• Assigned task: Omitting all pictures, retype the entries below exactly as given.

• Records:
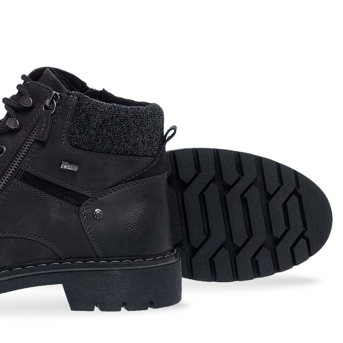 Men''s boots by Relife. Men’s boots by Relife in black and grey combination. Made of synthetic leather with textile lining and supportive insole. Feature lace-up front and side zipper for convenient wear and a stable stride.
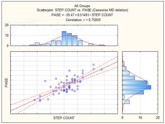 Correlations between objectively measured physical activity level (number of steps per day) and Physical Activity Scale for the Elderly (PASE) for the total sample.
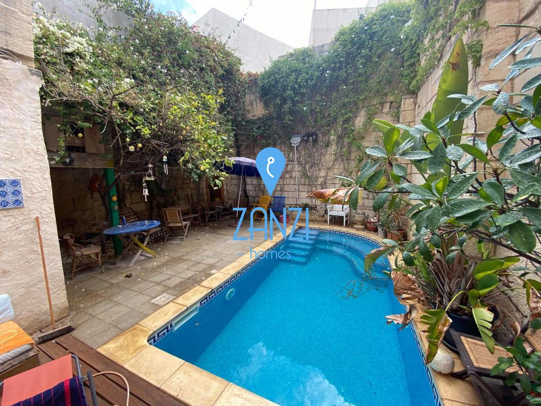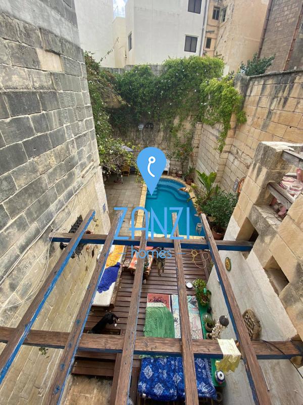 QORMI - Townhouse situated in the village core. Upon entrance one finds a spacious living room including a wood burning fireplace which one can easily turn into a garage, having a 15 course height. Leading to a large kitchen & dining area which overlooks the pool & decking area. One has the option to renovate the pool room measurements. (4 x 4) into a duplex studio which overlooks the pool. First floor consists of two large bedrooms, main with en suite & a small back terrace. On the other side is the 2nd Bedroom which includes a loft & possibility to create an en suite under the loft. On the top floor one finds a washroom currently being used as an office having both front & back terrace which overlooks the pool. FREEHOLD.
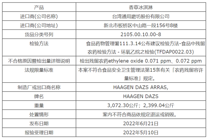 哈根達斯方面稱,此次進口到中國臺灣地區的香草品脫冰淇淋(有效日期為2023年4月13日)以及香草桶裝冰淇淋(有效日期為2022年10月26日),被發現含有極微量殘留農藥環氧乙烷,為保障消費者權益并對食品安全盡到把關責任,第一時間已做緊急處理,同時呼吁今年4月26日以后購買到相關批號的民眾,可持購買證明至原通路退款,退款期限至今年的8月31日。
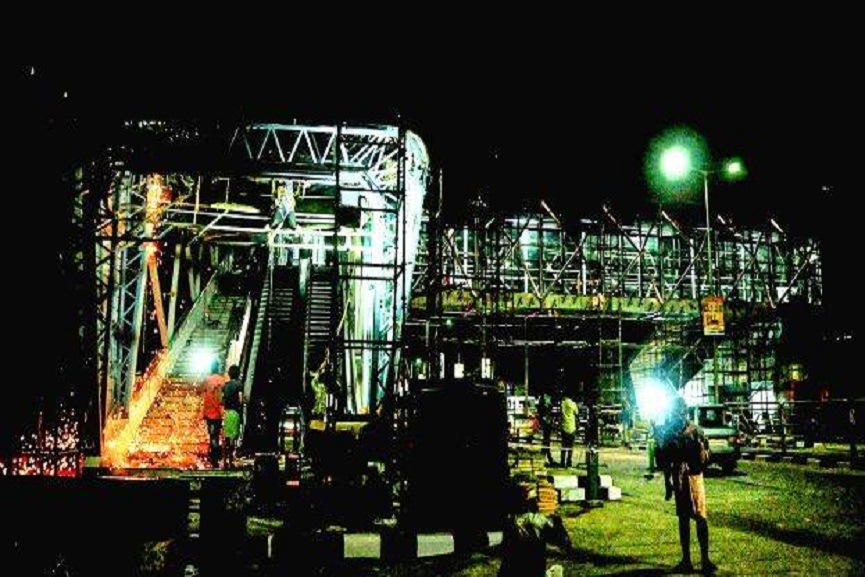 കൊച്ചി മെട്രോ റെയില് കോര്പ്പറേഷന്റെ മേല്നോട്ടത്തില് ഊരാളുങ്കല് ലേബര് കോണ്ട്രാക്റ്റ് സൊസൈറ്റിയാണ് നിര്മ്മാണം പൂര്ത്തിയാക്കിയത്. 2019 ഫെബ്രുവരിയില് നടപ്പാലത്തിന്റെ നിര്മ്മാണം ആരംഭിച്ചിരുന്നു എങ്കിലും ലോക്ക്ഡൗണ് പ്രഖ്യാപിച്ചതോടെ നിര്മ്മാണ പ്രവൃത്തികള് നിലക്കുകയായിരുന്നു. കൂടാതെ ചൈനയില് നിന്ന് എസ്കലേറ്റര് എത്താന് ആറുമാസത്തോളം വൈകുകയും ചെയ്തിരുന്നു. നേരത്തെ 2020 ജൂണ് മാസത്തോടെ ഉല്ഘാടനം നടത്താനായിരുന്നു തീരുമാനിച്ചിരുന്നത്.

• Answer to this task:
 Men''s boots by Relife. Men’s boots by Relife in black and grey combination. Made of synthetic leather with textile lining and supportive insole. Feature lace-up front and side zipper for convenient wear and a stable stride.
 Correlations between objectively measured physical activity level (number of steps per day) and Physical Activity Scale for the Elderly (PASE) for the total sample.
 QORMI - Townhouse situated in the village core. Upon entrance one finds a spacious living room including a wood burning fireplace which one can easily turn into a garage, having a 15 course height. Leading to a large kitchen & dining area which overlooks the pool & decking area. One has the option to renovate the pool room measurements. (4 x 4) into a duplex studio which overlooks the pool. First floor consists of two large bedrooms, main with en suite & a small back terrace. On the other side is the 2nd Bedroom which includes a loft & possibility to create an en suite under the loft. On the top floor one finds a washroom currently being used as an office having both front & back terrace which overlooks the pool. FREEHOLD.
 哈根達斯方面稱,此次進口到中國臺灣地區的香草品脫冰淇淋(有效日期為2023年4月13日)以及香草桶裝冰淇淋(有效日期為2022年10月26日),被發現含有極微量殘留農藥環氧乙烷,為保障消費者權益并對食品安全盡到把關責任,第一時間已做緊急處理,同時呼吁今年4月26日以后購買到相關批號的民眾,可持購買證明至原通路退款,退款期限至今年的8月31日。
 കൊച്ചി മെട്രോ റെയില് കോര്പ്പറേഷന്റെ മേല്നോട്ടത്തില് ഊരാളുങ്കല് ലേബര് കോണ്ട്രാക്റ്റ് സൊസൈറ്റിയാണ് നിര്മ്മാണം പൂര്ത്തിയാക്കിയത്. 2019 ഫെബ്രുവരിയില് നടപ്പാലത്തിന്റെ നിര്മ്മാണം ആരംഭിച്ചിരുന്നു എങ്കിലും ലോക്ക്ഡൗണ് പ്രഖ്യാപിച്ചതോടെ നിര്മ്മാണ പ്രവൃത്തികള് നിലക്കുകയായിരുന്നു. കൂടാതെ ചൈനയില് നിന്ന് എസ്കലേറ്റര് എത്താന് ആറുമാസത്തോളം വൈകുകയും ചെയ്തിരുന്നു. നേരത്തെ 2020 ജൂണ് മാസത്തോടെ ഉല്ഘാടനം നടത്താനായിരുന്നു തീരുമാനിച്ചിരുന്നത്.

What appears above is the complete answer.